Back in the day when ships were made of wood and real men were made of iron, The Life of a “Jack Tar” was full of peril: press gangs, shanghais, evil captains, fog, foul weather, and shipwrecks to name just a few. Many of these sailors are buried in the graveyard of the Atlantic.
The graveyard of the Atlantic is the ominous name used to describe two area of the Atlantic Ocean that is notorious for shipwrecks. One is located at the entrance to the Chesapeake Bay at Cape Henry along the coast to the Outer Banks of Virginia and North Carolina and around Sable Island, which is located off of Nova Scotia. Major Atlantic Ocean currents meet in these areas and create some very rough waters and fog, which are a sailors’ nightmare. These waters have claimed over five thousand ships since record keeping was started in 1526.
To make matters worse, in the 1700s the Outer Banks of North Carolina had a group of people called the “wreckers” that made their living scavenging shipwrecks. The story goes that horses (nags) with lanterns tied to their necks would be walked along the beach. The up and down motion of the lanterns would appear to be another ship ahead in clear water. The unschooled captain would run his ship aground following the false light. Some think that this is how the town of Nags Head, North Carolina got its name.
This part of the eastern seaboard was so famous for its shipwrecks that the unincorporated town of Wash Woods grew up in the southeastern corner of Virginia. The town got its name because some of it was built from wood that had washed ashore. The local legend goes that the survivors of shipwrecks settled the area in the 16th and 17th century. The sea that brought the lumber to build the city started to reclaim it in the 1920s, and by the 1930s townsfolk began to leave. Today the area that was Wash Woods is part of False Cape State Park.

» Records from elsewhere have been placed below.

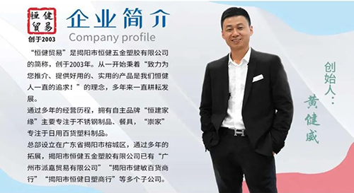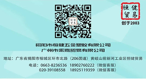 “恒健贸易”是揭阳市恒健五金塑胶有限公司的简称,创于2003年。从一开始秉着“致力为您推介、提供好用的、实用的产品是我们恒健人一直的追求!”的理念,多年来一直耕耘发展。
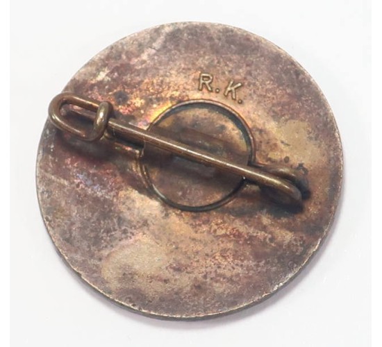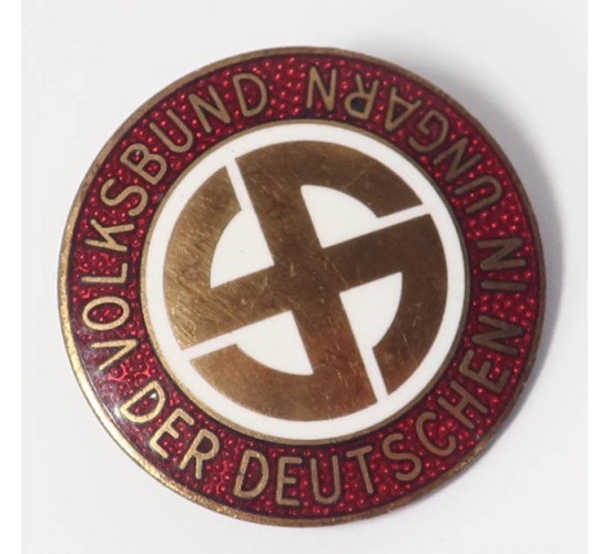 RD575.)NSDAP HUNGARIAN MEMBERSHIP ENAMEL BADGE: fine old copy, dangerous. 22mm wide with flawless glass enameling on coppery-brass base alloy. Unbelievably fine quality. With gold mobile swastika in the center and inscription around the red cloisonné glass enameled border 'VOLKSBUND DER DEUTSCHEN IN UNGARN' (People League of Germans Living in Hungary). Reverse has typical German spring clip pin-back and maker's mark in raised relief letters 'R.K.' This one came out of collection. EXC++++
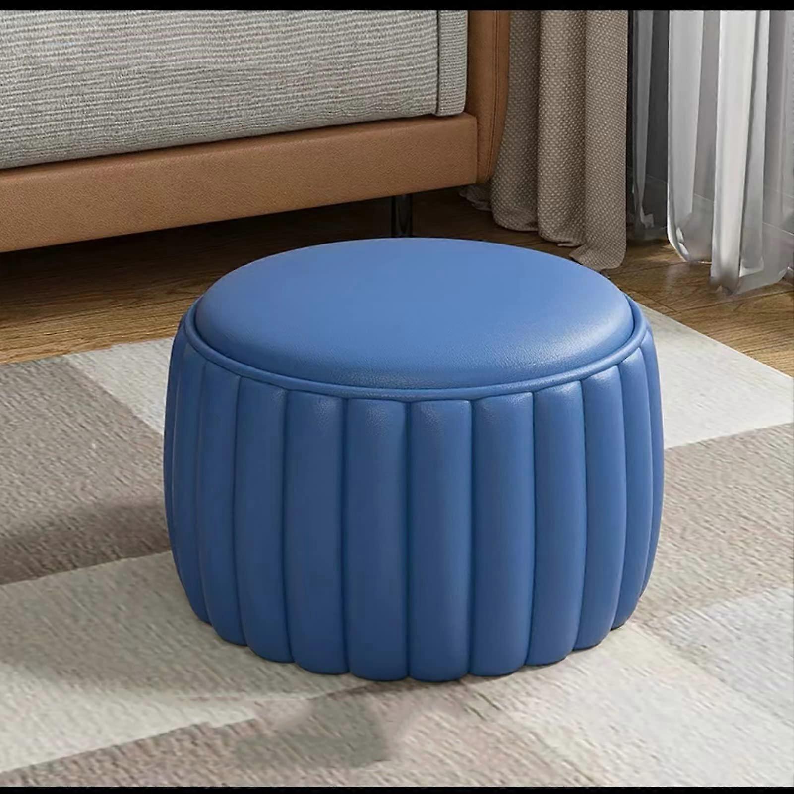 Round PU Leather Footstool Ottoman – Tufted, Waterproof, AntiSlip, No Assembly for Living Room Bedroom
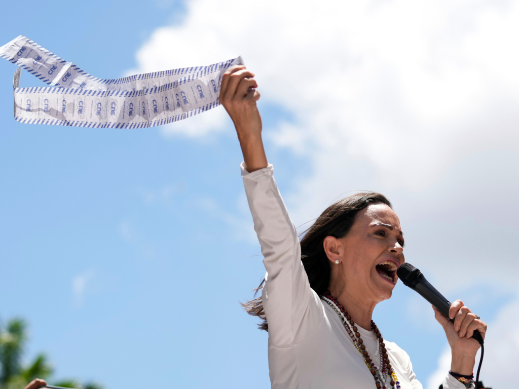 L'opposante de 58 ans est entrée dans la clandestinité au Venezuela en août 2024, quelques jours jours après une élection présidentielle à laquelle elle avait été empêchée de se présenter. Les États-Unis, l'Europe et de nombreux pays d'Amérique latine refusent de reconnaître les résultats du scrutin qui a permis à Nicolas Maduro d'enchaîner un troisième mandat de six ans.
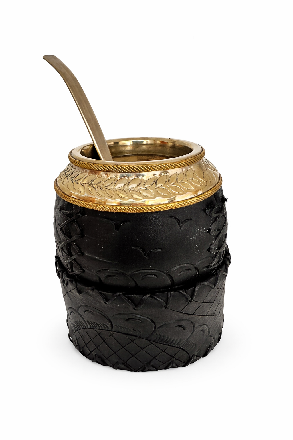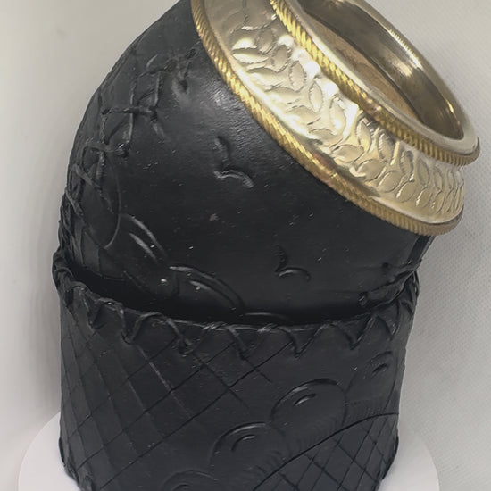 Mate Torpedo Aro Dorado: exclusividad artesanal en cada detalle. Este mate premium combina alpaca cincelada con un distintivo doble aro de bronce que realza su elegancia natural. La base de cuero tallada a mano completa una pieza única, diseñada para quienes aprecian la calidad sin compromisos. Un accesorio que trasciende lo funcional para convertirse en una declaración de estilo y sofisticación. Perfecto para disfrutar del mate con la distinción que mereces.
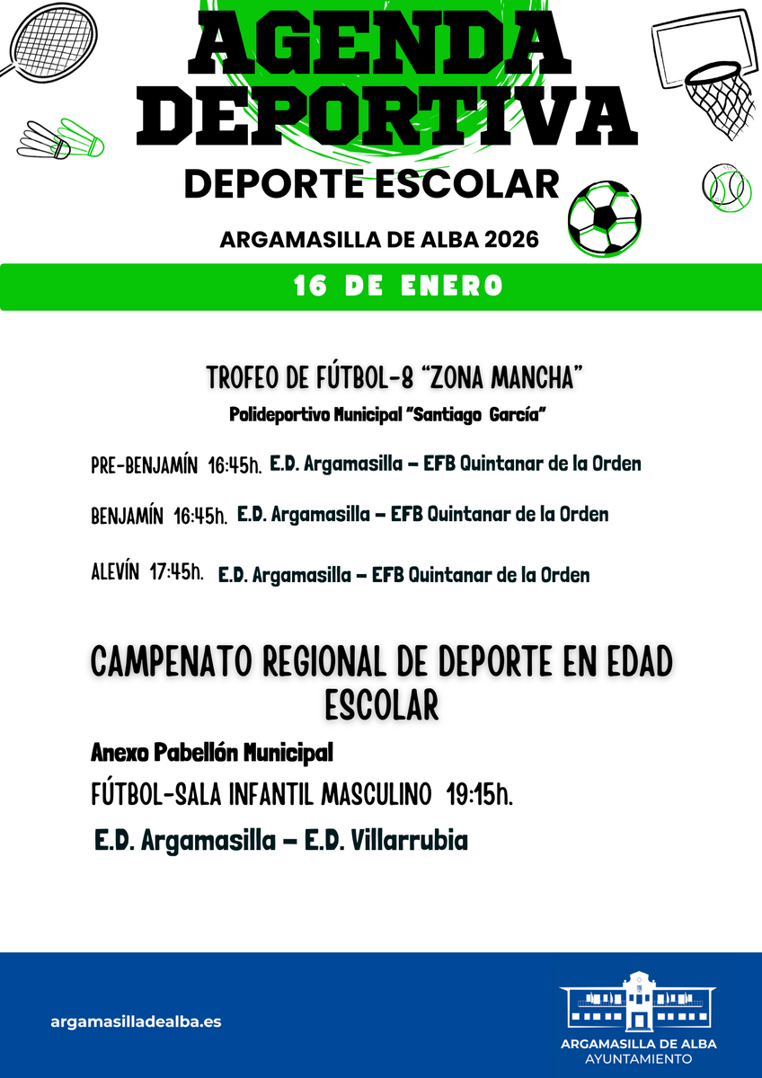 Agenda Deportiva Escolar 16 de enero de 2026

The coast of North Carolina is littered with the skeletons of shipwrecks from days gone by. The shifting sand from storms reveals and then hides the shipwrecks from sight. Following is a very short list of famous ships that have run aground of North Carolina’s coast.
Queen Anne Revenge - In June of 1750 Blackbeard the pirate ran his flagship the Queen Anne Revenge aground near present day Beaufort, North Carolina.
USS Monitor - Among the best-known shipwrecks off the North Carolina coast was in 1862. The Monitor was the first ironclad warship commissioned by the Union Navy.
HMS Bounty - The replica that was built in Nova Scotia for the 1962 film ran afoul and sank in October 2012 during Hurricane Sandy.